By international standards, participation in paid work for Australians with disability is extremely low and evidence suggests that improving employment outcomes for people with disability will provide significant benefits to workplaces, the economy, and individuals themselves. With new changes coming about in 2018 including a greater focus on job seeker choice and control and a new funding model, it is an important time for us to begin disentangling the facilitators and barriers to employment for people with disability. Previous research on employment services for people with disabilities has collected data from service providers and employers and little is known about the important role played by employment services from the perspective of job seekers themselves.

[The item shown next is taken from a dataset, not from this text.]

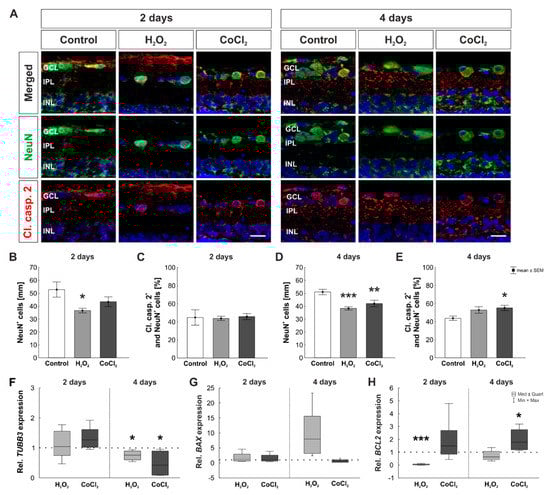 After four days of cultivation, oxidative stress (38.32 ± 1.25 NeuN+ cells/mm; p < 0.001) as well as hypoxic processes (42.12 ± 2.45 NeuN+ cells/mm; p = 0.011) led to significantly reduced NeuN+ cell counts compared to control samples (51.08 ± 2.11 NeuN+ cells/mm; Figure 4D). Interestingly, the number of apoptotic NeuN+ cells was increased in H2O2-treated retinas after four days, even though this effect was not significant (control: 43.86 ± 2.36 cl. caspase 2+ and NeuN+ cells [%]; H2O2: 52.98 ± 3.63 cl. caspase 2+ and NeuN+ cells [%], p = 0.106). However, loss of NeuN+ cells due to CoCl2 was accompanied by a significantly increased apoptosis rate (55.31 ± 2.99 cl. caspase 2+ and NeuN+ cells [%]; p = 0.035; Figure 4E).

In this presentation we will present our findings from the Improving Disability Employment Study (IDES). IDES is a prospective cohort study of job seekers with disability, recruited through employment service providers. Specifically, the research project will find out about what aspects of ESPs, job seekers and workplaces make a difference to gaining and keeping employment. The findings from the research will help to make better government policy in this area and will help services better understand how they can support people with disability in finding employment.

Stefanie Dimov

Project Coordinator
University of Melbourne

Stefanie Dimov is the project coordinator on the Improving Disability Employment Study (IDES) conducted at the University of Melbourne. She has been working on the project for over a year, working closely with employment service providers and disability advocates in the field. Stefanie has a multi-disciplinary background in psychology and public health and extensive experience in project management. She has a strong interest in health and wellbeing in the context of disability and employment and her recent work aims to provide evidence that will inform policy and service delivery within the disability sector.